Meg Poitevint is a colleague who is not a theorist or a mathematician. She is one of our relatively new development officers here at Georgia Tech, in the College of Computing. She is now talking with our faculty to try and figure out what each of us does—this is invaluable to a development officer.

Today I want to try to answer one of her questions that she asked me a while ago over lunch: what is a quantum computer?

Meg is a great listener, a quick study, and has a breadth of knowledge that makes her job possible. I think anyone would be challenged in trying to understand—even at a high level—what faculty do. She does have a tiny tiny flaw: she is a fan of the Bulldogs. That is, the Bulldogs of the University of Georgia—her degree is from there. The “Dogs” are one of the main rivals to our great Yellow Jacket teams, so we must overlook this small indiscretion. We take sports seriously at Tech, and unfortunately, this is all-too-often a case where the bark is worse than the sting.

Ken and I, and our guest posters and commenters, have been talking a lot recently about whether or not it will be possible to build quantum computers in the near, distant, or even far future. It made me realize that Meg’s question is a pretty good one: just what are these things that we are taking about? And I realized that it was a real challenge to me: is there a way to explain what a quantum computer is without losing everyone who does not know a large amount of mathematics? Perhaps it is impossible, but as they say in England, I thought we would have a “go” at it.

## The Machine Arrives

Imagine that someone sends Meg a package, and after she opens it, she sees that it contains a shiny new laptop, with the Apple logo and the name “qBook Pro.” A single sheet that comes with the machine says that it is a gift from Apple, and that it is a quantum computer. Meg turns it on, and soon has the standard Apple screen. Is it a quantum computer or not? How can she tell?

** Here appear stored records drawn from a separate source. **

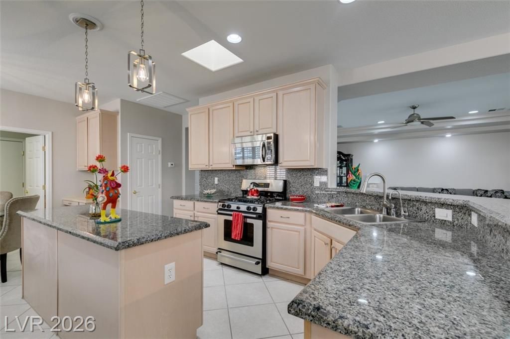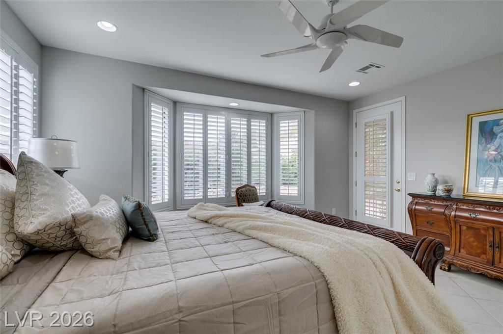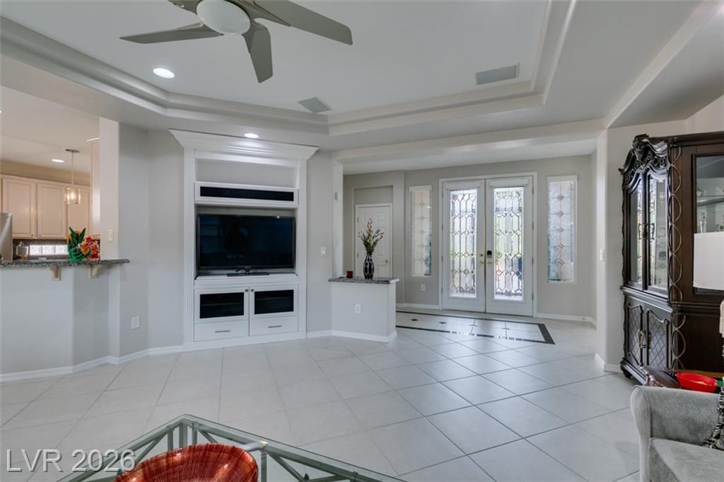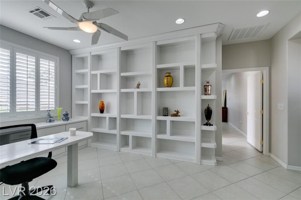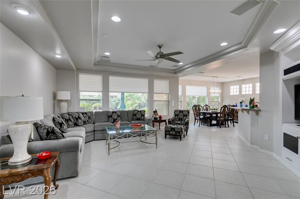 Large Cul D Sac Lot 11,326. Long Driveway. Security Gate Entry with Double Leaded Glass Doors. 2 Bdrms + 11x10 Sep Office, all in white, Built in Desk, Cabinets & Shelving. Freshly Painted interior, New: Light Fixtures& Faucets. All Tile Flooring, no Carpet. Kitchen Features Granite counters, Stainless Applncs, Center Island, Double Sinks, Skylite, Pantry, Breakfast Area, Desk area. Shutters & Ceiling Fans throughout. Lovely Formal Dining. Coffered Ceiling in Liv Rm, Surround Sound, Entertainment Cabinet. Primary Bedrm MTN View, Bay window, door to ext Patio, LG Walk in Closet, Linen Closet. Bathrm Has Sep Bathtub, 2 Sinks, Skylite Sep Laundry Rm, Washer, Dryer, Cabinets. Water Softener, Alarm. Large Covered Rear Patio, Lush Landscaping. See SIENA'S Community. Golf, Bistro, Pools, Spa's, Pickle Ball, Tennis Fitness Center. Event Calendar & MORE !! We are Featured in Best Senior Community in LAS Vegas
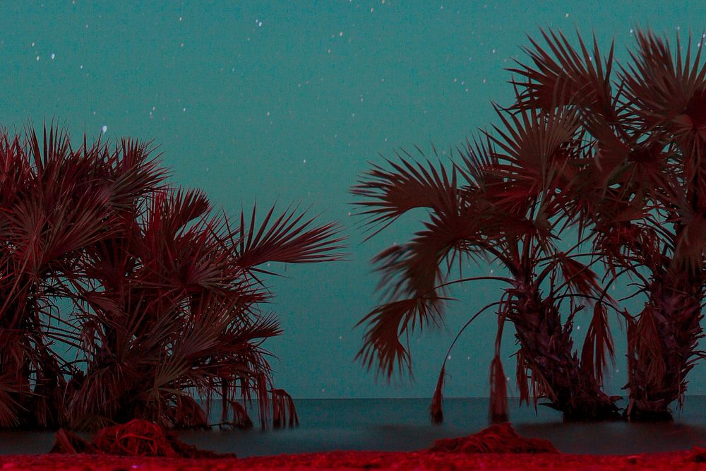 Nachtaufnahme am Strand mit Palme, Stimmungslicht und Sternenhimmel
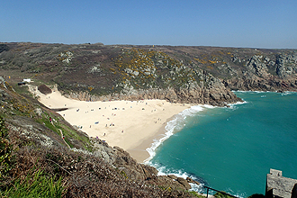 After some steep climbs we left the coast behind for the moment and followed the narrow hedged lanes towards St Buryan where we stopped for brunch. It was only 5km from here to the Minack Theatre in Porthcurno. The theatre was closed as there was a performance that night so we could not go in but it is a fabulous open air theatre cut into the rock with the backdrop being the majestic ocean. The coastline was spectacular and we looked down on Porthcurno Beach which was certainly popular on this sunny day.
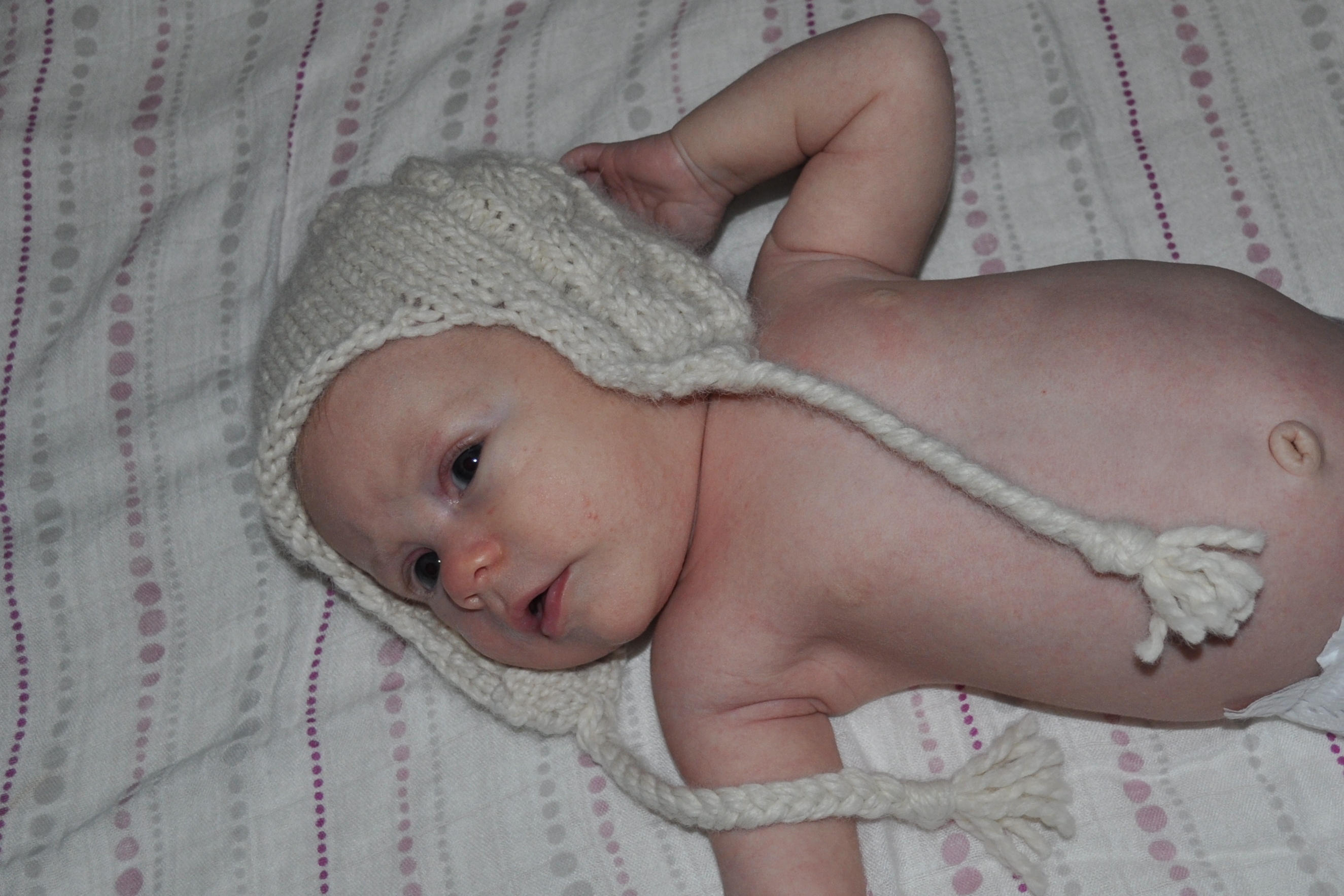 Since I took these pictures a month and a half ago, the hat is obviously too small by now. Which means another one in the works soon. But it sure was cute as a photo prop!

Meg calls me up and I come over to her office to look at the machine. She ask me: “so is this really a quantum computer? And what is that?” I tell her I have never seen this type of machine, but it could be a quantum computer. But I add that I believe there is really no way for us to tell. There is simply no way to tell from the outside, from just looking at the laptop, that it is a quantum-based machine.

## Memory?

Ah, I think of one way I possibly could tell: perhaps the quantum computer can store huge amounts of data. If the qBook could store a vast amount of information, then would that show that it is a quantum computer? I open the hard-drive bay, and things look promising: the brandname says Quantum. Indeed the drive is identified as a Quantum Bigfoot drive—didn’t someone say that doubting quantum computers was like disproving Bigfoot?

Alas, the capacity stated on the drive is only 19.2 terabytes, which according to this chart is already underwhelming. Then I remember that, unfortunately, the storage of a quantum machine and a classical one are about the same. This is a consequence of quantum information theory—see here for the details.

So I tell Meg that we cannot use the size of its memory to prove it is a quantum computer. Too bad.

## Quantum Benchmarking

Okay, you might say, what about using the computer? Can we run it on some problem to tell for sure that it is or is not a quantum computer? I claim the answer is still that there is no way to tell.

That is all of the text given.